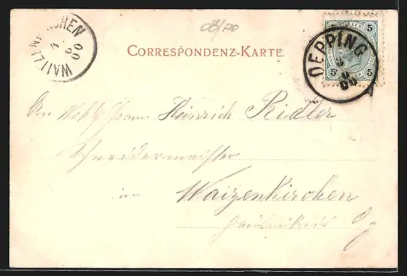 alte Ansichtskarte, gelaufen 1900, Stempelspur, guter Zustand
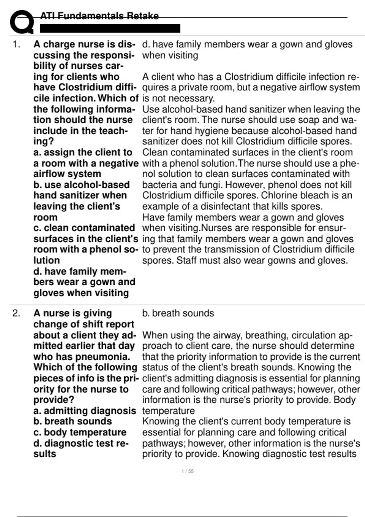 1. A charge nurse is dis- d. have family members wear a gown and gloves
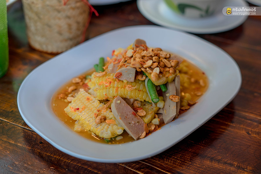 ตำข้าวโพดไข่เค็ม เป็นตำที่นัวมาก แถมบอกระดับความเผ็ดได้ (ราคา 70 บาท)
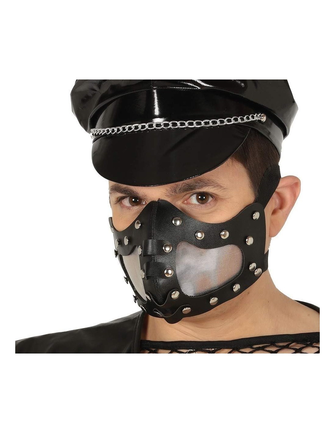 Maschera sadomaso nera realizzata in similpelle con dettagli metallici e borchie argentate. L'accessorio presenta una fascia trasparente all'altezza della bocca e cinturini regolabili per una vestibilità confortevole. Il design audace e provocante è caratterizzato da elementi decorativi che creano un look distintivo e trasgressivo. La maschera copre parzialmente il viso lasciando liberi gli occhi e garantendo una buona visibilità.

-------------------------

Set down all the data again exactly as above, pictures excluded.

 alte Ansichtskarte, gelaufen 1900, Stempelspur, guter Zustand
 1. A charge nurse is dis- d. have family members wear a gown and gloves
 ตำข้าวโพดไข่เค็ม เป็นตำที่นัวมาก แถมบอกระดับความเผ็ดได้ (ราคา 70 บาท)
 Maschera sadomaso nera realizzata in similpelle con dettagli metallici e borchie argentate. L'accessorio presenta una fascia trasparente all'altezza della bocca e cinturini regolabili per una vestibilità confortevole. Il design audace e provocante è caratterizzato da elementi decorativi che creano un look distintivo e trasgressivo. La maschera copre parzialmente il viso lasciando liberi gli occhi e garantendo una buona visibilità.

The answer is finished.